A literatura nacional é vista como indispensável para a consolidação da independência, pois


é um veículo de situações, modos de vida e de pensamento dentro do país. A literatura é
um fator que contribui para aumentar a unidade nacional ao mostrar ao povo a sua própria
identidade.
"Creio que a literatura nacional é elemento indispensável, tão importante como outro
qualquer, para a consolidação da independência. É um fator que ajuda a aumentar a
unidade nacional, por ser veículo de situações, modos de vida e de pensar, dentro do país
[...]. Afirmo que não há, não pode haver, a criação de um país verdadeiramente
independente sem uma literatura nacional própria, que mostre ao povo aquilo que o povo
sempre soube: isto é, que tem uma identidade própria."

PEPETELA. Citado por HILDEBRANDO, Antonio. Pepetela: A parábola do cágado velho -


construindo pontes. In: SEPÚLVEDA, Maria do Carmo; SALGADO, Maria Teresa. África e
Brasil: letras em laços. São Caetano do Sul: Yendis Editora, 2006. p. 317. (Fragmento).

A imagem de um imenso tronco de árvore, do qual nascem novos galhos enquanto outros
morrem, é evocada para simbolizar o repertório de narrativas de uma cultura. Esses galhos
representam as elaborações e recriações da tradição oral e escrita de um povo. Nas
culturas predominantemente literárias, a oralidade desempenha um papel imenso na
construção da identidade cultural.
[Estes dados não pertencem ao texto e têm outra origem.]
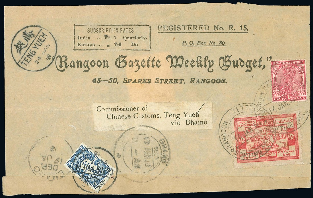 1918 (14 Jan.) "Rangoon Gazette Weekly Budget" newspaper wrapper front to Teng Yueh China, bearing 1a. and "our day" ½a. charity stamp, both tied by "rangoon gazette press/s.o." double-ring d.s. (Type D1), showing Bhamo transit d.s. and with China Postage Due 2c. applied and cancelled on arrival; 1931 (10 Jan.) newspaper wrapper to India, bearing ½a. similarly cancelled, also small piece and KGV 1r. Photo for first

A literatura oral, incluindo lendas, romances, contos,
provérbios, entre outros, compõe um repertório imenso que se renova de geração em
geração, alimentando o imaginário popular.

Tradição Oral e Ficção Escrita: Encontros Necessários

Segundo um relatório do Programa das Nações Unidas para o Desenvolvimento, divulgado


em 2005, o índice de analfabetismo em Moçambique corresponde a 53,50% da população.
Em Angola, a 33,20%, O fato de tantas pessoas não saberem ler ou escrever não significa
que não produzam cultura. Também não significa que a literatura não seja uma parte
importante de suas vidas. É no âmbito da oralidade que essas pessoas constroem
suas histórias.

É destacado o contraste entre o mundo da escrita e dos livros e a realidade africana, onde o
analfabetismo persiste. Nos países africanos de língua portuguesa, o alto índice de
analfabetismo é uma herança do período colonial. Após a independência, países como
Angola e Moçambique enfrentaram anos de guerra civil que prejudicaram o sistema
educacional já incipiente. No entanto, mesmo em meio a essas dificuldades, a cultura e a
literatura continuam a ser partes importantes da vida das pessoas. A oralidade se torna uma
forma valiosa de construção de histórias.

A Transformação das Vozes Populares em Literatura

No contexto de uma cultura em que a oralidade é crucial, a literatura e a tradição oral se


aproximam naturalmente. Os escritores, conscientes da importância da identidade do povo,
buscam na tradição oral temas que inspirem as narrativas que estão escrevendo. Ao fazer
isso, eles transformam suas obras em espaços de resgate das vozes populares que
resistiram à repressão colonial. Essas vozes, muitas vezes excluídas dos meios oficiais de
divulgação cultural, representam uma autenticidade que se enraíza na identidade do povo.